As you may assume in PyTorch images we use should be prepared for learning. This part is called image normalization.

In case we use PIL Image class to convert the image to PyTorch Tensor we will need:

from PIL import Image
from torchvision.transforms import ToTensor

Our Tensor images will look like this after the conversion:

tensor([[[0.1725, 0.2353, 0.2941,  ..., 1.0000, 1.0000, 0.9843],
         [0.1804, 0.2314, 0.2824,  ..., 1.0000, 1.0000, 0.9843],
         [0.1922, 0.2314, 0.2706,  ..., 1.0000, 1.0000, 0.9843],
         ...,
         [0.7098, 0.6863, 0.6627,  ..., 0.6863, 0.6863, 0.6039],
         [0.6941, 0.6824, 0.6745,  ..., 0.6118, 0.6314, 0.5569],
         [0.6863, 0.6863, 0.6941,  ..., 0.2392, 0.2902, 0.3137]], ...

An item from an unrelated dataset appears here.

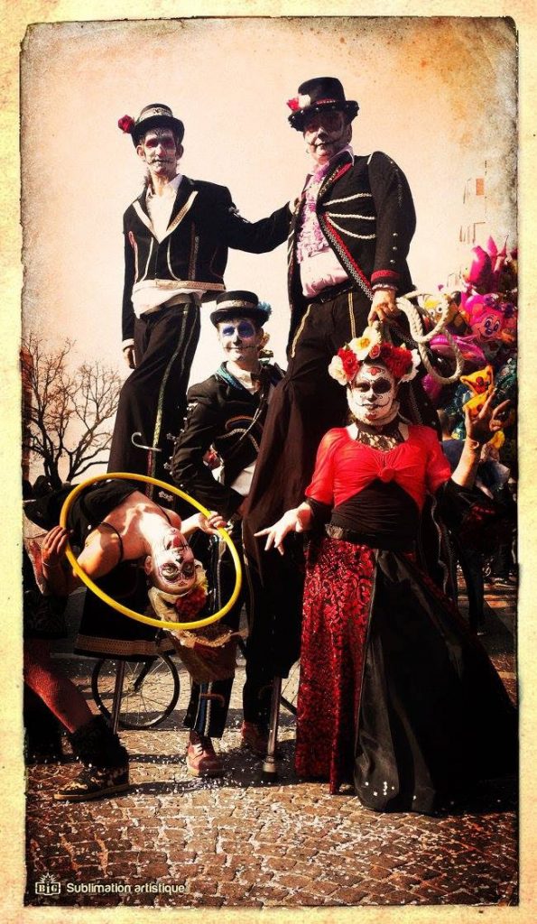 Tout au long de l’après-midi, la compagnie Estock Fish déambulera dans la cour de l’école : Les calaveras, ces joyeux drilles de revenants, sont en permission du pays des morts. Ils sont de retour pour une journée, le temps de revoir leurs proches et le monde des vivants. Le temps de festoyer, de s’amuser, boire et manger, rigoler et danser, se divertir et aimer, avant que le couchant ne les entraîne à nouveau dans leur tombeau… Cinq artistes, échassiers, acrobates, jongleurs, déambulent et s’arrêtent pour présenter des scénettes, ou le drôle côtoie l’effrayant. Échasses à rebond, jonglage aux haches, grand bi…

Note how, min and max value of this tensor will be: tensor(0.) and tensor(1.) respectively. The histogram per channel will look like this:

Let we use the following PyTorch normalization function:

def normalize(x: torch.FloatTensor, mean: torch.FloatTensor, std: torch.FloatTensor) -> torch.FloatTensor
    "Normalize `x` with `mean` and `std`."
    return (x - mean[..., None, None]) / std[..., None, None]

What we provide is a Tensor image x and mean and std values for the image set we are working in. This means that we evaluated in advance the mean and std for all the images in the set.

Following are some well known mean and std list tupples (RGB) for different image sets:

cifar_stats = ([0.491, 0.482, 0.447], [0.247, 0.243, 0.261])
imagenet_stats = ([0.485, 0.456, 0.406], [0.229, 0.224, 0.225])
mnist_stats = ([0.15] * 3, [0.15] * 3)

In particular [0.491, 0.482, 0.447] is the mean for the cifar image set; 0.491 is the mean for the Red channel, and so on. The standard deviation for the same image set is represented with this list [0.247, 0.243, 0.261] and 0.247 is exactly the std of the Red channel.

Note the Ellipsis notation we used inside normalize function. It may be strange what it means in PyTorch. Let’s check this code:

l=Tensor([1,2,3])
print(l)
r=l[...,None, None]
print(r)

This will output like this:

tensor([1., 2., 3.])
tensor([[[1.]],
        [[2.]],
        [[3.]]])

Note how we subtract x - mean[..., None, None] for specific RGB channel, and also how we do RGB channel division std[..., None, None] after that.

At the end, we will get the result like this where our data pixel values will be around 0.

You may note that before we had our pixel values inside [0., 1.] range, and now we have positive and negative values around 0, ideal for machine learning.